The dc’s fees have been paid by their parents until now but the costs are rising steeply as they progress through school: there are 3dc, the eldest is starting year 10 next year and the youngest has 7 years left.

The dc’s fees have been paid by their parents until now but the costs are rising steeply as they progress through school: there are 3dc, the eldest is starting year 10 next year and the youngest has 7 years left.

Regardless of the ins and outs of the offer to pay fees from grandparents, the parents surely must have had a plan as to how they were going to pay these fees beforehand, knowing that fees will rise year on year? If they weren't being offered this money, what were their plans - where did they think that the money would come from?

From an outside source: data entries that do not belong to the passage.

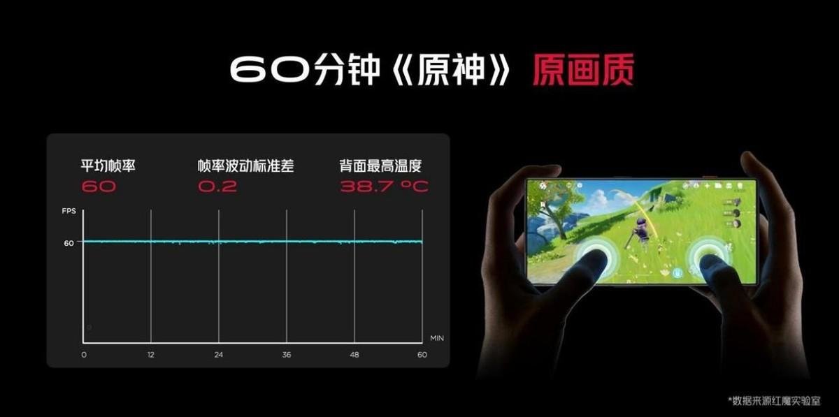 为了让红魔8 Pro系列在如此狂暴的性能输出下还能保持合适的手感温度,其散热系统进化到ICE11.0魔冷散热。首创3D冰阶双泵VC,体积达到行业顶尖的2068mm³;还拥有面积最大的全贯穿式风道,内置鲨鱼鳍离心风扇,空气流量提升35%;行业首创面屏下石墨烯,屏幕均热能力提升6倍。一共10层散热结构让机身温度下降16℃以上。实测原神运行60分钟,机身最高温度仅38.7°!
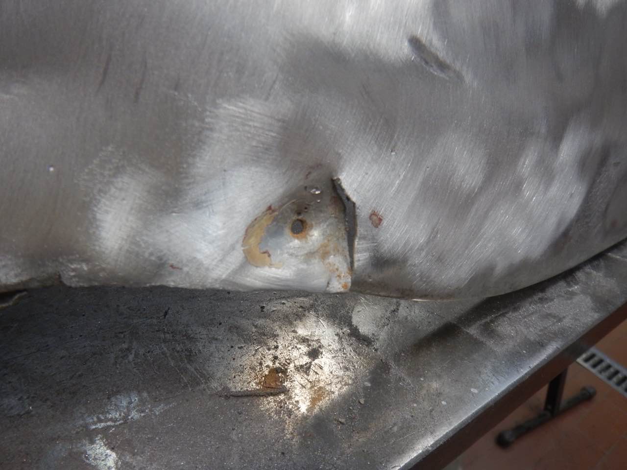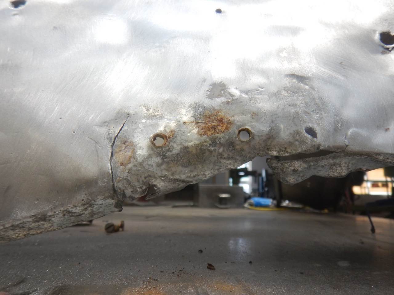 Das Frontshroud ist in keinem guten Zustand. Auf der Fahrerseite ist es im Bereich der Lampentöpfe stark beschädigt. Es wurde jedemenge Spachtel verwendet. Wir haben uns mit dem Restaurierungsbetrieb darauf verständigt nur für die Nase gegen ein Neuteil zu verwenden. Das Neuteil wird in das bestehende Teil eingearbeitet. Damit soll sich der Aufwand verringern.
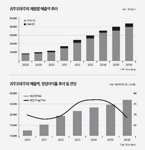 다만 대중소비가 증가하고 있고 기저효과로 인한 성장세 전환이 기대된다는 점에서 귀주모태주의 실적은 반부패 정책이 정점을 기록한 2014년에 바닥을 찍고 2015년에는 점차 회복될 것이란 전망이다. 실제로 2015년 1분기 매출액은 87.6억위안으로 전년대비 15.5%, 순이익은 43.7억위안으로 18% 증가하며 큰 폭으로 회복된 모습을 보였다.
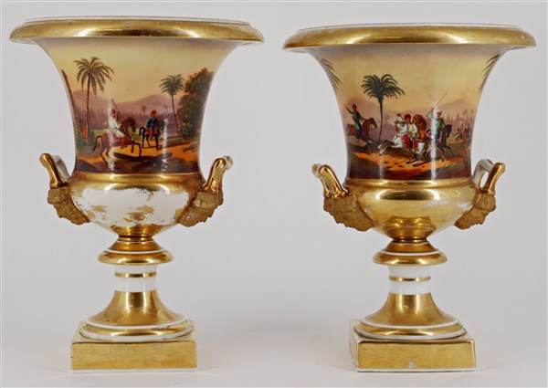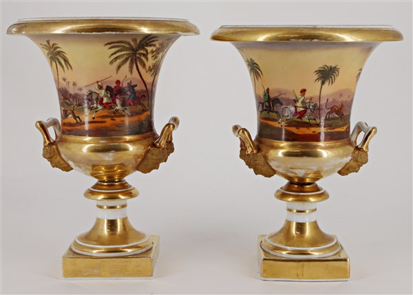 Manifattura del secolo XIX. Coppia di vasi biansati in porcellana decorata in policromia con scene di caccia alle fiere, anse con attaccatura a mascheroni e bordure in oro (h. cm 26) (difetti)
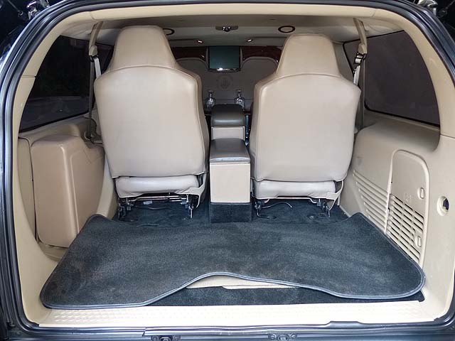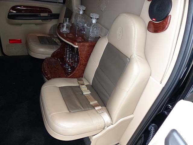 But enough for the mechanical stuff....what makes this Excursion really special is what lies in the passenger area.  Leather seating and high-gloss wood trim greet passengers with the style and luxury seldom found in an SUV.  Two rear-facing seats can be folded up if you need extra room, and there are forward-facing captain's chairs with power controls. Wooden work tables raise from the center console for those two seats, and there is a very large center storage console as well.

Grosshesselohe · 28/02/2024 20:08

I do appreciate that posters are interested in the ins and outs and the family dynamics and the fact that the current situation exposes an imprudent approach to planning etc.

I expected a lot of criticism and most of this has been perfectly reasonable, but I am really most interested in understanding why my sibling feels so opposed to something that has no negative impact on them - they have always been offered the same help and everyone wants things to be completely fair and equal.

That’s why I titled the thread the way I did. I know there are quite a few people on MN who get help from DGPs with fees, and I wanted to know how other siblings react to this and whether my sibling’s is a normal response. I was trying to avoid the dynamics etc from the outset in case it became an unnecessary distraction.

OP posts:
MarmeladeKing · 28/02/2024 21:00

I think people just have different morals and values, and also different personality characteristics. My sister would react in much the same way as yours albeit the sums involved would be lower..for instance everyone went on holiday (my family of 5, 2 parents & my sister and partner). She would not accept being paid for / subsidised by my parents and was completely miffed if that I'd pay any less than 5/9th despite the fact my parents wanted to pay towards my costs as they appreciated the opportunity to go away with their grandchildren and children. It caused quite a rift and I learned to not accept my parents generosity. What motivated her? Feeling like she had the higher moral ground I guess...who knows...she was also the golden child but I am the more 'conforming' adult. You just have to decide whether the money is worth the agro, as the bad feeling is not going to go away for 7 years at least, if ever..

LalaPaloosa · 28/02/2024 21:01

My mother offered to pay the school fees for my brother’s kids. My SIL said no when my mother asked for the school’s contact details to message them directly about arranging payment. SIL said they didn’t ask for the help and they don’t need it. I didn’t care about the offer at all. Not at the time, and not now, despite never having received such an offer myself.